The Platform Operations Engineer works with government agencies to maintain and support critical on‑premises platforms and infrastructure. Focus areas include platform reliability, modern operational practices, and infrastructure modernisation, while maintaining strong support for existing systems.
Key Responsibilities
Maintain critical infrastructure platforms: compute, storage, virtualisation, and supporting systems across development, staging, and production environments
- Manage virtualisation platforms (VMware, Hyper‑V), including:
Capacity monitoring
Performance optimisation
Lifecycle management
Operational Standards & Automation
- Follow and implement platform standards.
- Execute infrastructure automation and modern operational practices for improved efficiency and reliability.
- Execute platform patching strategies using automation to maintain security, stability, and minimise service disruption.
Enhancement & Modernisation
- Support platform enhancement initiatives.
- Implement new infrastructure solutions aligned with enterprise architecture standards.

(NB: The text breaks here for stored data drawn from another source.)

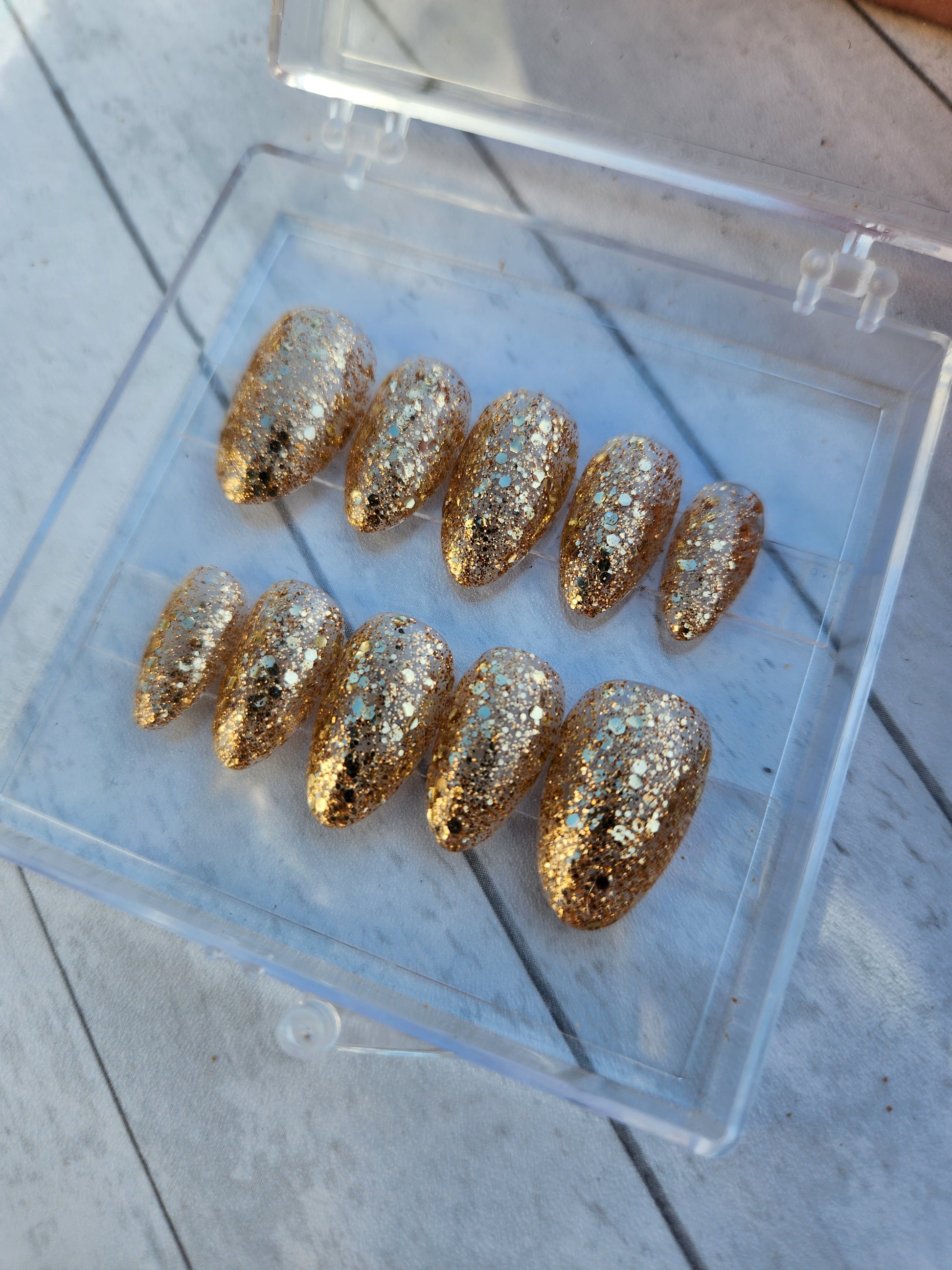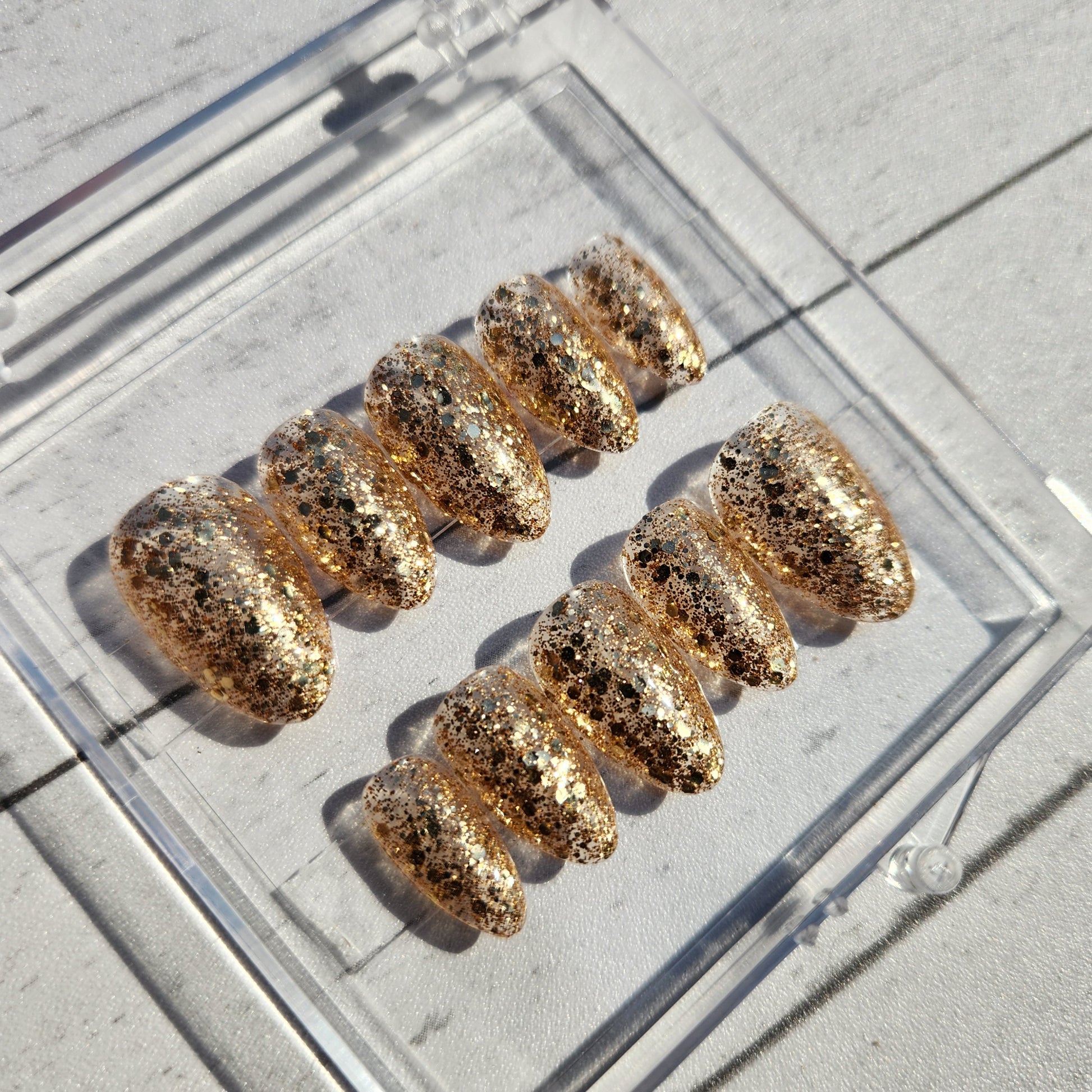 Have your nails done in this design in under 10 minutes with our long lasting, gel, press on nails. Choose your favorite length, shape and size and add this made to order nail set to cart!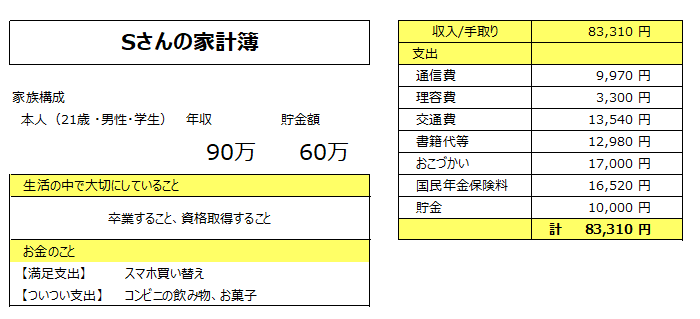 FPオフィス「フォルテシモ」へ依頼されたお客さまの家計簿をmymoで診断する【うちの家計簿】。今回は21歳の男子学生で、アルバイトをしているSさんの家計簿です。大学生の場合、親の扶養に入っている方も多いと思いますが、アルバイトで一定の年収を超えると扶養控除から外れます。今回は学生のアルバイトにおける税金や、扶養控除に関わる「103万円、130万円の壁」について解説します。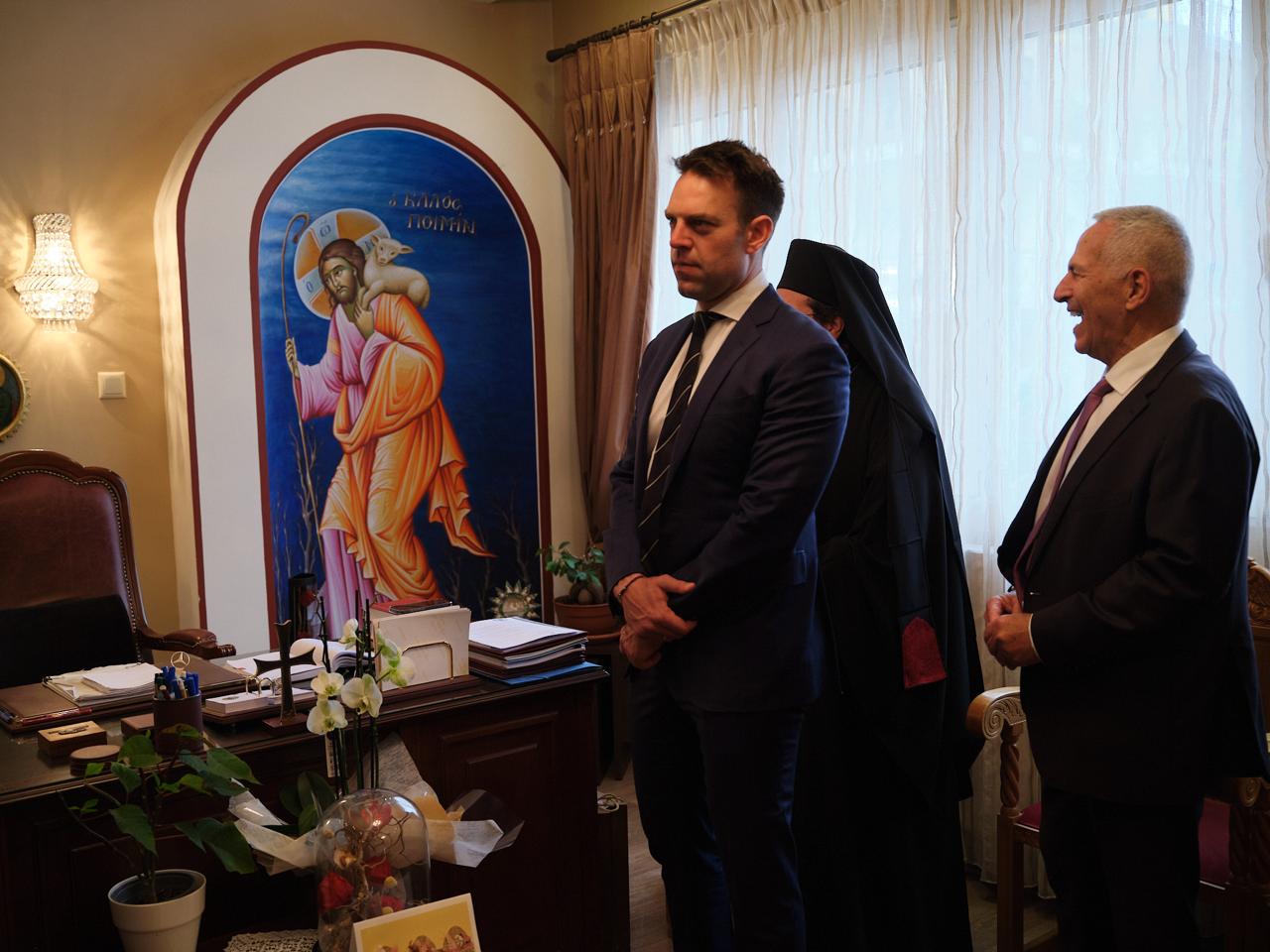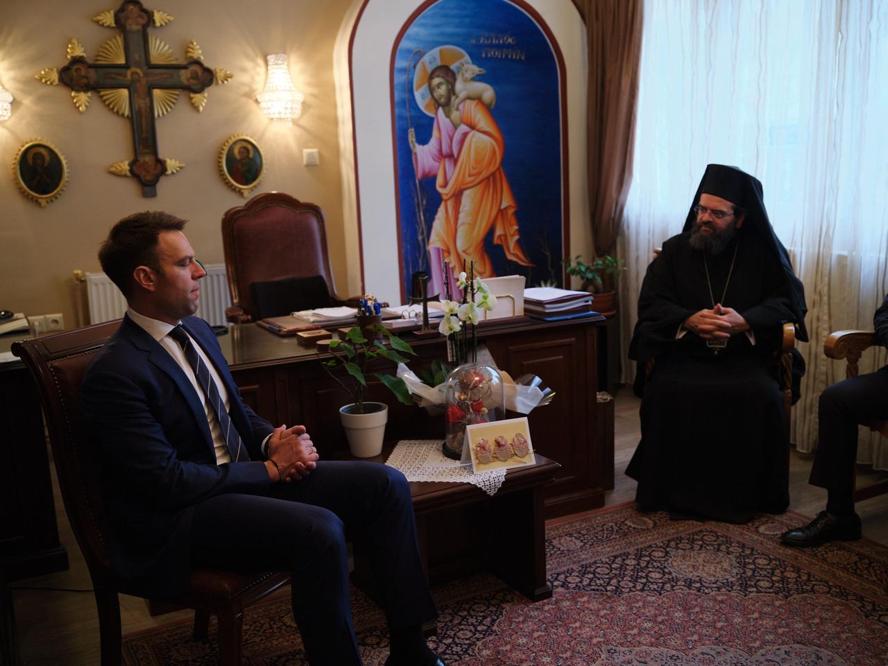 Επίσκεψη στην Ιερά Μητρόπολη Μαρωνείας και Κομοτηνής, καθώς και στην Μουφτεία Κομοτηνής, πραγματοποίησε ο πρόεδρος του ΣΥΡΙΖΑ-ΠΣ, Στέφανος Κασσελάκης, με αφορμή την παρουσία του στην Κομοτηνή, στο πλαίσιο των εορτασμών για τα Ελευθέρια της Θράκης.

- Support containerisation initiatives and maintain container orchestration platforms.
Monitoring & Observability
- Implement and maintain monitoring and observability solutions using:
Prometheus
Grafana
ELK stack
Incident Resolution
- Provide L2/L3 technical support for platform‑related incidents.
- Perform problem determination and resolution.
Infrastructure as Code (IaC)
- Implement IaC practices for automated platform provisioning and configuration management.
Backup, DR & High Availability
- Maintain backup, disaster recovery, and high‑availability solutions for critical platform components.
Security & Compliance
- Follow security controls:
Access management
Security hardening
Compliance monitoring
Collaboration & Documentation
- Collaborate with application teams for stability, performance, and scalability.
- Create & maintain platform documentation, runbooks, and SOPs.
- Support team members in modern infrastructure practices.
Technical Requirements
- Strong experience in enterprise virtualisation (VMware vSphere, Hyper‑V)
- Experience with SAN / NAS storage systems
- Experience with enterprise backup solutions
- Proficient in Linux & Windows Server administration
- Experience with infrastructure automation tools:
- Ansible
- Puppet
- Chef
- Knowledge of container technologies:
- Docker
- Kubernetes
- Familiar with monitoring/observability platforms
- Experience with Infrastructure as Code (IaC) practices
- Understanding of networking concepts & technologies
- Scripting abilities:
- Python
- PowerShell Bash
- Bash
Desired Certifications
- VMware Certified Professional (VCP)
- Microsoft Certified: Windows Server
- Red Hat Certified Engineer (RHCE)
- ITIL v4 Foundation